DRAM Access Protocol

1. Row Activation (RAS - Row Address Strobe)

Select row → Sense amplifiers read entire row into row buffer
Latency: ~15 ns

2. Column Access (CAS - Column Address Strobe)

Select column from row buffer → Transfer data
Latency: ~15 ns

Total first-word latency: ~50-100 ns (150-300 CPU cycles!)

DRAM Bandwidth vs Latency

Latency: Time to first byte

CAS Latency (CL): 15-20 cycles (at DRAM clock)
First word: ~50-100 ns

Bandwidth: Peak transfer rate

DDR4-3200:
- Clock: 1600 MHz (double data rate)
- Bus width: 64 bits
- Peak bandwidth: 25.6 GB/s
 
DDR5-4800:
- Clock: 2400 MHz
- Peak bandwidth: 38.4 GB/s

Key insight: DRAM is like a truck

High latency (takes time to get to warehouse)
High bandwidth (carries lots of cargo once moving)
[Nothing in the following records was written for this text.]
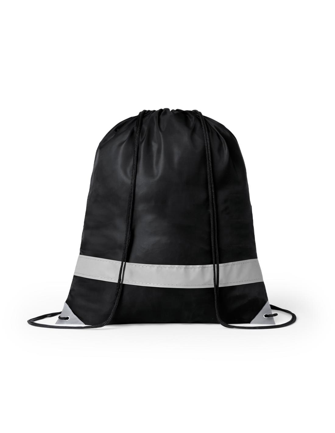 Mochila reflectante en suave poliéster 190T de alegres colores, con tira frontal reflectante. Cuerdas autocierre en color negro y esquinas reflectantes reforzadas con argollas metálicas.
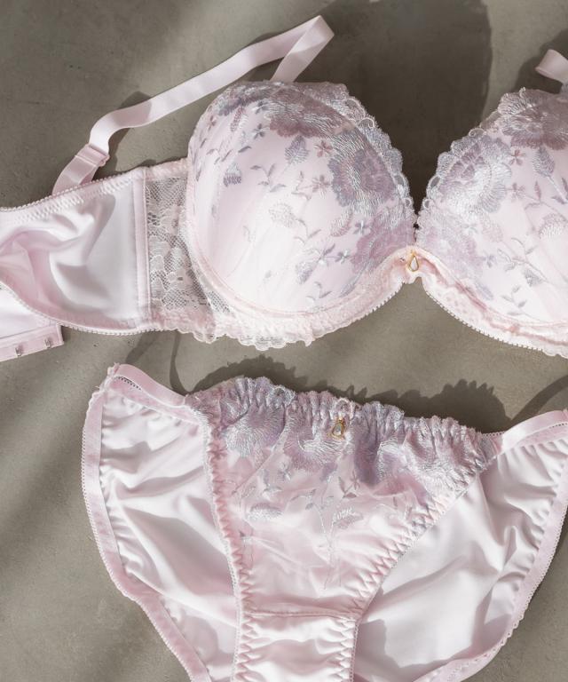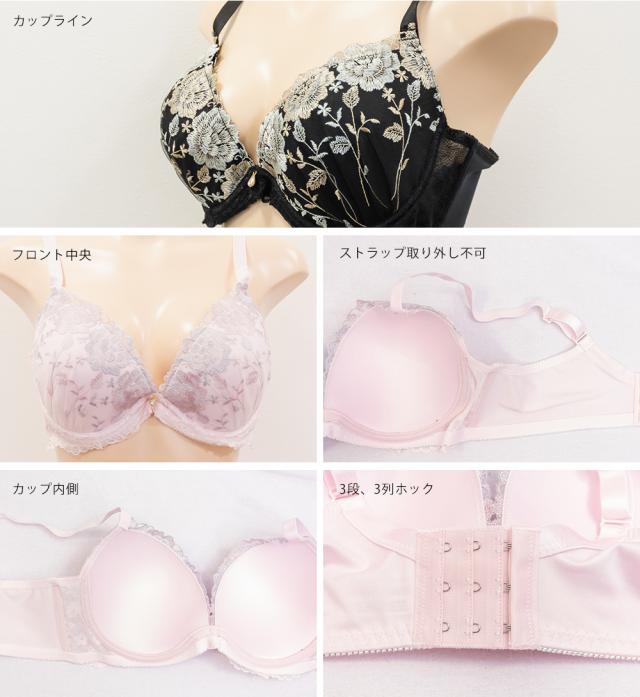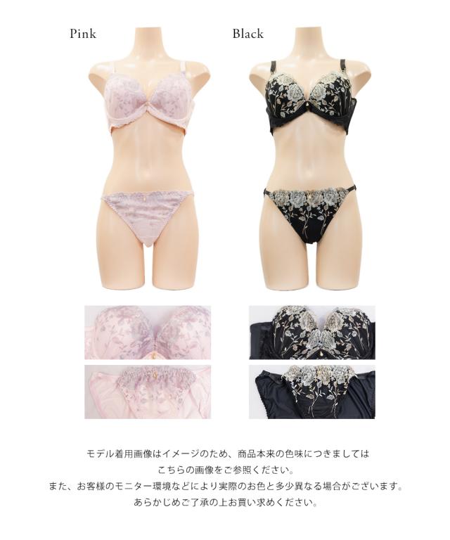 大きいサイズ/レディース/D85/D90/D95/E85/E90/E95/F85/F90/F95/G85/G90/G95/脇高ブルーム刺繍ソフトワイヤーブラジャー&ショーツセット
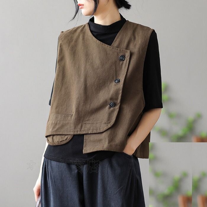 - ベスト レディース 綿 麻 Vネック 袖なし 前開き ノースリーブ ゆったり シンプル おしゃれ 春夏 秋 女性 日常 可愛い 上着 プル
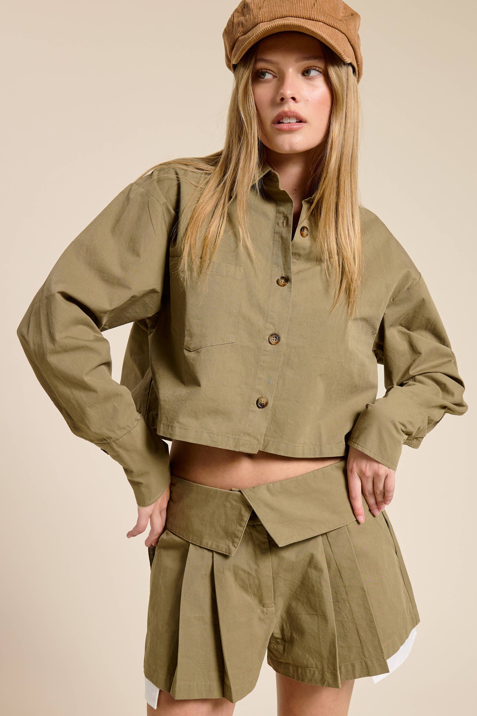 - The cropped button-down shirt features a boxy fit, classic collar, buttoned cuffs, and a chest pocket
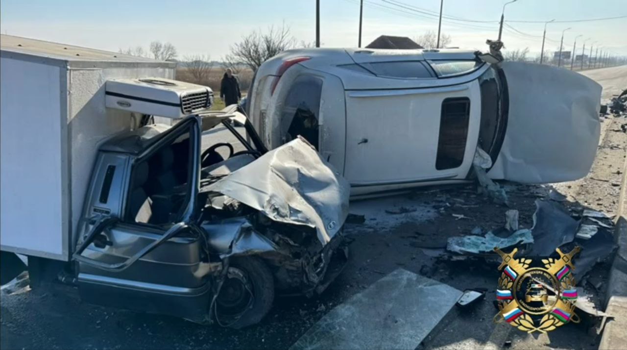 По информации полиции, водитель внедорожника Infinity по пути из Анапы в сторону Темрюка не выбрал безопасную скорость движения и врезался в идущий впереди в попутном направлении автомобиль Hyundai. От удара Infinity выбросило на встречную полосу движения, где она сначала врезалась в Ford Focus, а затем в мини-грузовик.
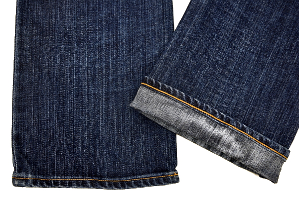 股上で合わせた、股部分の縫い合わせを基準にして、裾までの長さを計測しています。その際、縮みや、シワを考慮して、床より少し浮かせて、ピンと伸ばした状態で計測しています。
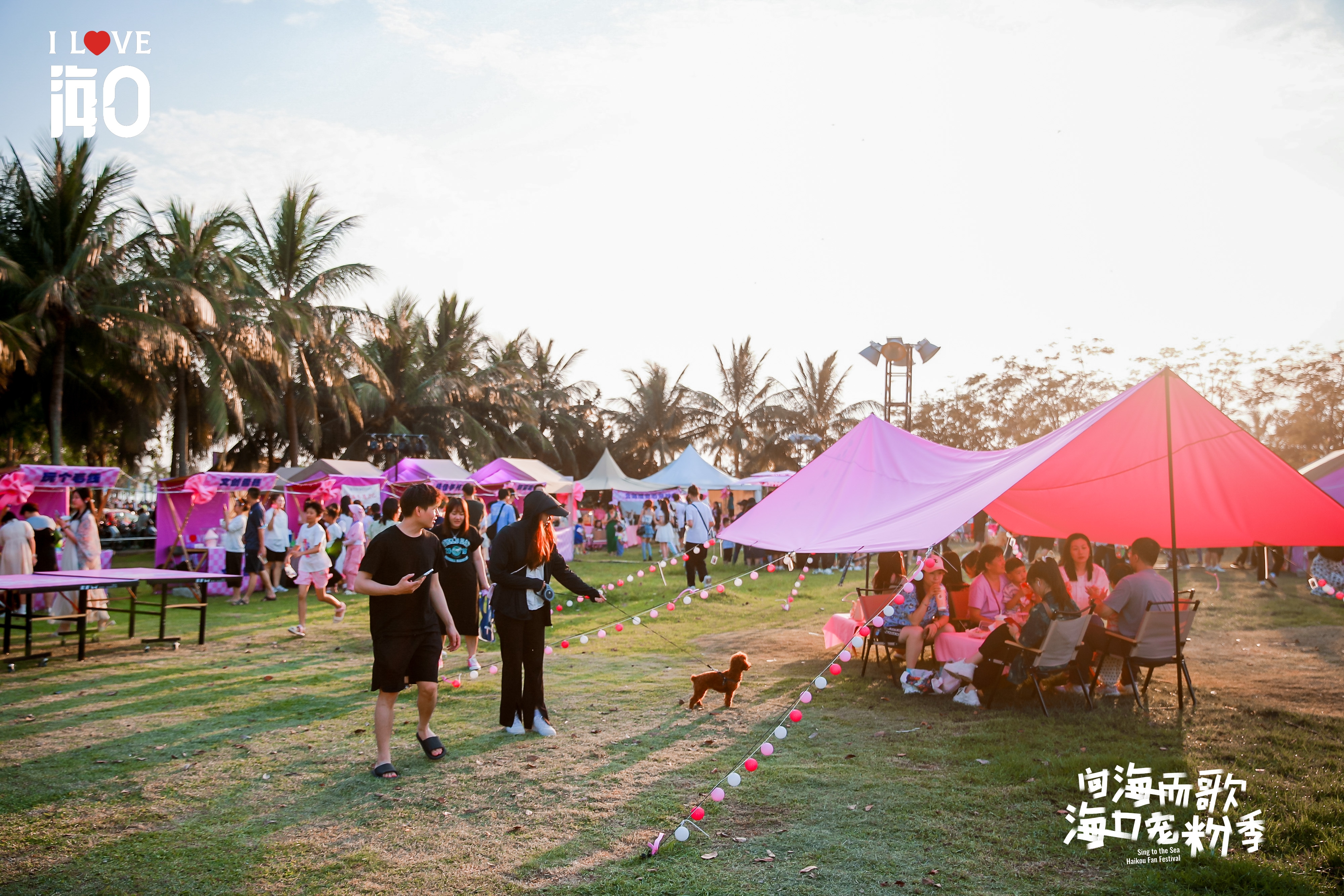 为了营造氛围感十足的活动现场,本次活动延伸了“宠粉”这一主题内涵,现场布置可谓是下足了功夫,无论是市集帐篷还是休闲打卡区,都运用了大面积的粉色色块。傍晚时分,创意十足的粉色市集与海口湾片区的粉色晚霞相得益彰,吸引了不少人驻足围观和打卡拍照。
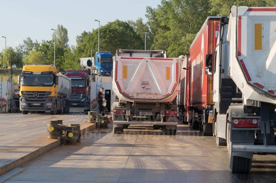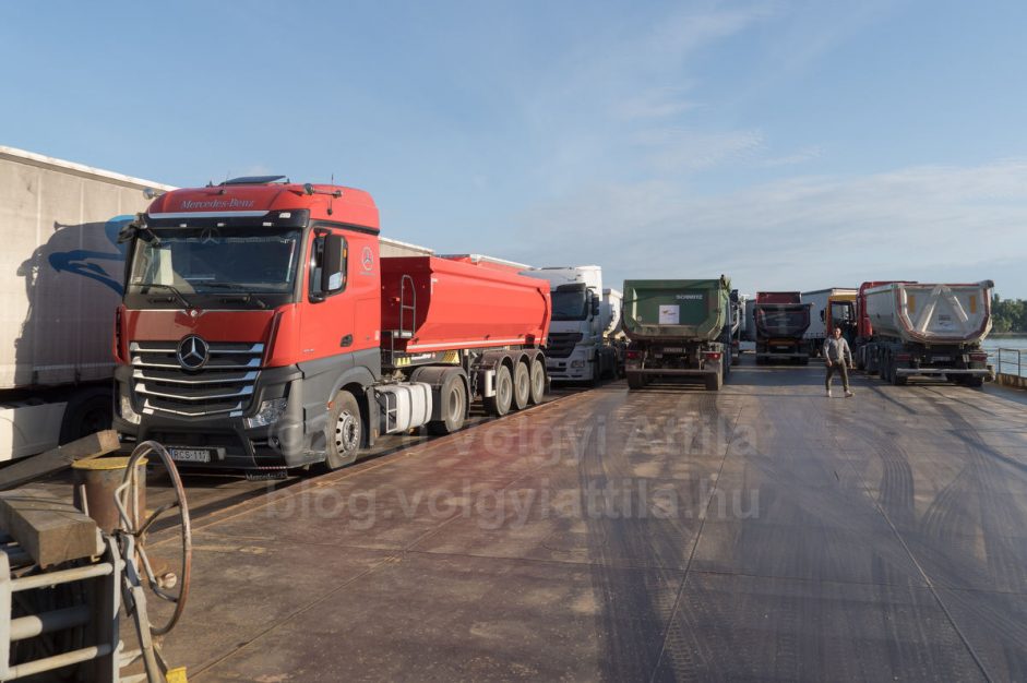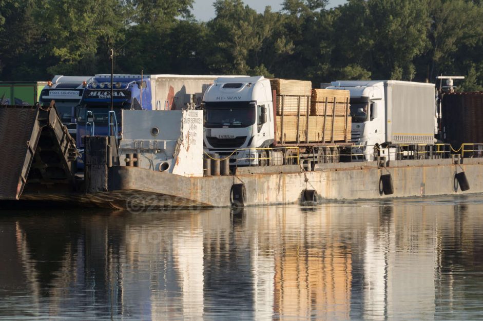 Teherkomp szállítja a kamionokat a Dunán a Szlovákia és Magyarország közötti határon húzódó Duna szakaszon.
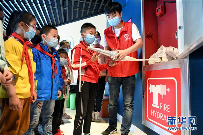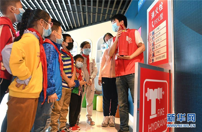 5月10日,合肥市淝南社區(qū)的志愿者向轄區(qū)兒童講解滅火設(shè)備的使用方法。新華社記者 劉軍喜 攝
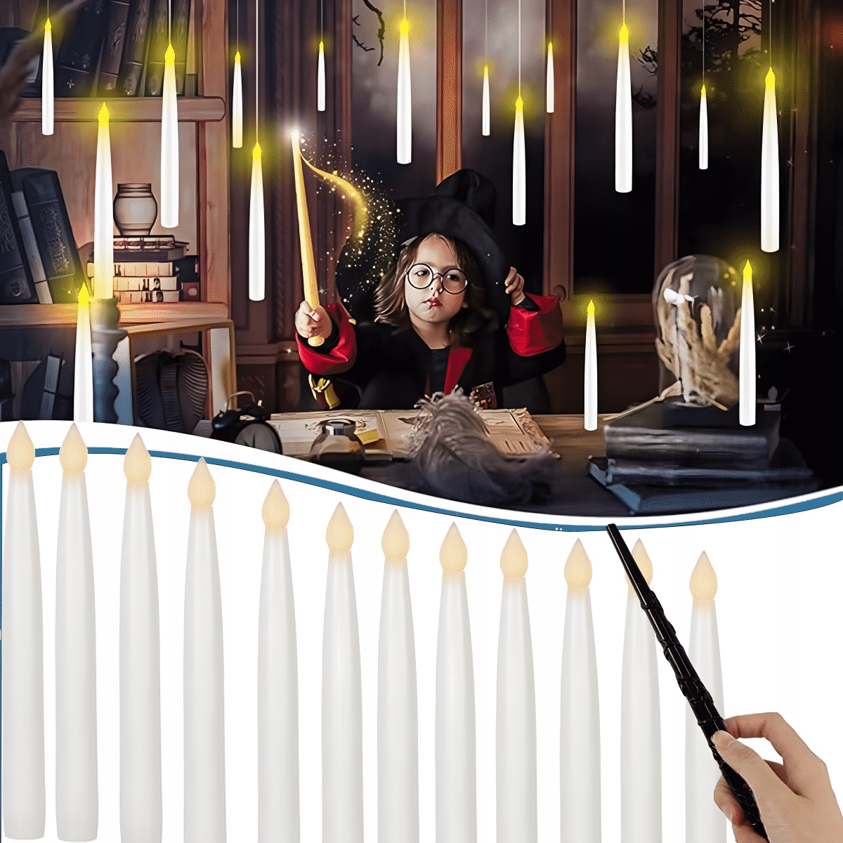✨【Волшебные эффекты и атмосферная атмосфера на Хэллоуин и Рождество】 Сочетание пульта дистанционного управления с волшебной палочкой и плавающих свечей создает чарующую атмосферу. Этот источник света создает волшебную атмосферу, идеальную для Хэллоуина, Рождества и других торжественных случаев. Погрузите свой дом в мистическую и чудесную атмосферу.
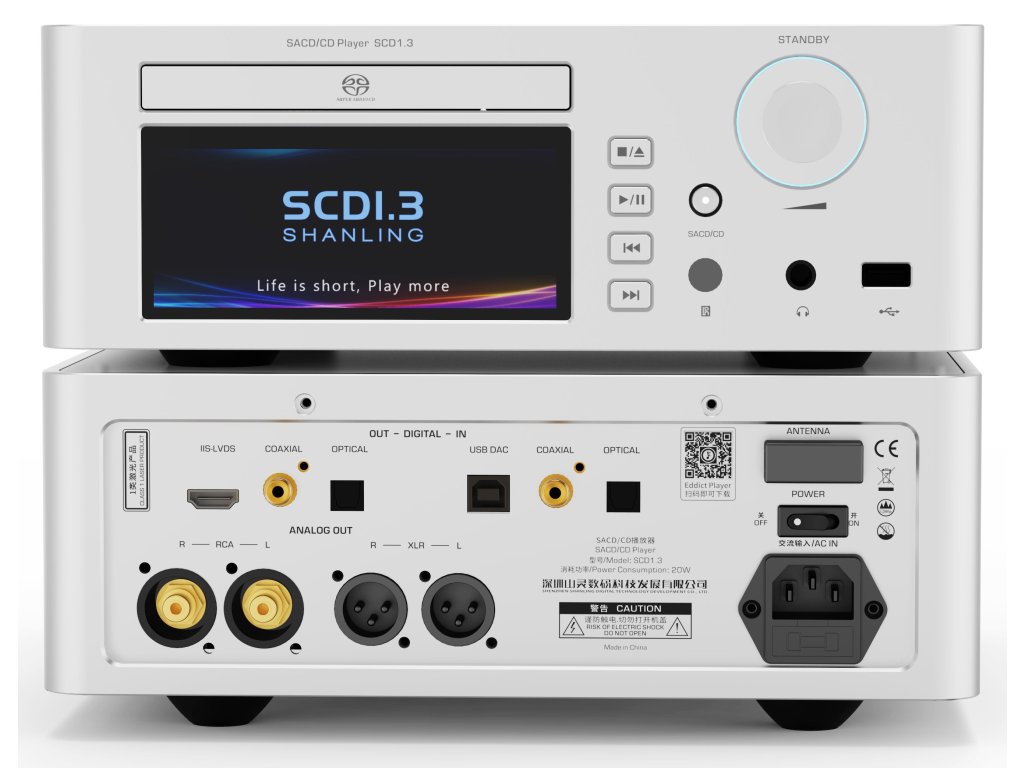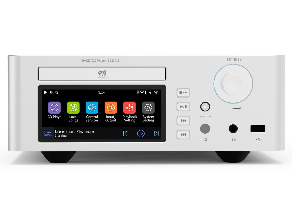 Dzięki swojemu modelowi SCD1.3, Shanling prezentuje flagowy odtwarzacz SACD CD, który zawiera kombinację układów DAC AKM AK4499EX + AK4191EQ, interfejs USB XMOS XU316 oraz wzmacniacz słuchawkowy TPA6120. Wielofunkcyjny Shanling SCD1.3 oferuje również wiele innych możliwości wykorzystania. Posiada połączenie Bluetooth, port USB-A dla U-Disk oraz obsługuje DLNA i AirPlay do połączeń sieciowych. Te dodatkowe funkcje ułatwiają integrację z dowolnym systemem audio. Dodatkowo oferuje dużą ilość wejść i wyjść. Wśród wejść znajdują się USB-B, koaksjalne SPDIF i Toslink optyczne, natomiast cyfrowe wyjścia obejmują I2S przez HDMI, koaksjalne SPDIF i Toslink optyczne. Dostępne są również dwa analogowe wyjścia: analogowe wyjście RCA i symetryczne wyjście XLR.

→ Amortize latency by transferring large blocks!

Row Buffer Locality

Row buffer acts like a cache for one DRAM row.

// Good: Sequential access (same row)
for (int i = 0; i < 1000; i++) {
    data[i] = 0;  // Row buffer hits!
}
Accesses: 1 row activation + 1000 column accesses
 
// Bad: Random access (different rows)
for (int i = 0; i < 1000; i++) {
    data[random()] = 0;  // Row buffer misses!
}
Accesses: 1000 row activations + 1000 column accesses (16x slower!)

Bandwidth vs Latency Trade-offs

Bandwidth-Optimized: GPUs

GPU GDDR6 Memory:
- Latency: 200-300 cycles (worse than CPU DRAM!)
- Bandwidth: 600-900 GB/s (20x better than CPU!)
 
Why?
- Wide bus (384-512 bits vs 64 for CPU)
- Many parallel memory channels
- High clock speeds

Use case: Streaming workloads where you can hide latency with parallelism

Latency-Optimized: CPUs

CPU DDR4 Memory:
- Latency: 50-80 ns (better than GPU)
- Bandwidth: 25-50 GB/s (limited)
 
Why?
- Sophisticated prefetchers
- Out-of-order execution to hide latency
- Large caches to reduce memory accesses

Use case: Irregular, pointer-chasing workloads

Memory Access Patterns in Practice

Pattern 1: Sequential Scan (Good!)

// Streaming access - excellent spatial locality
for (int i = 0; i < n; i++) {
    sum += array[i];
}
 
Characteristics:
✅ High spatial locality (cache lines fully utilized)
✅ Prefetcher friendly (predictable pattern)
✅ Row buffer hits (DRAM friendly)

Pattern 2: Strided Access (Medium)

// Matrix column access
for (int col = 0; col < n; col++) {
    for (int row = 0; row < n; row++) {
        sum += matrix[row][col];  // Stride = n
    }
}
 
Characteristics:
⚠️ Poor spatial locality if stride &gt; cache line
⚠️ Some prefetcher support (constant stride)
✅ Row buffer locality if stride is small

Pattern 3: Random Access (Bad!)

// Hash table lookup
for (int i = 0; i < n; i++) {
    sum += hash_table[hash(keys[i])];
}
 
Characteristics:
❌ No spatial locality
❌ No temporal locality (unless highly skewed)
❌ Prefetcher cannot help
❌ Cache thrashing

Cache-Friendly Programming

Technique 1: Loop Ordering

// Bad: Column-major access of row-major array
for (int col = 0; col < n; col++) {
    for (int row = 0; row < n; row++) {
        sum += matrix[row][col];  // Stride = n (poor spatial locality)
    }
}
 
// Good: Row-major access of row-major array
for (int row = 0; row < n; row++) {
    for (int col = 0; col < n; col++) {
        sum += matrix[row][col];  // Stride = 1 (excellent spatial locality)
    }
}
 
Speedup: 3-10x from just changing loop order!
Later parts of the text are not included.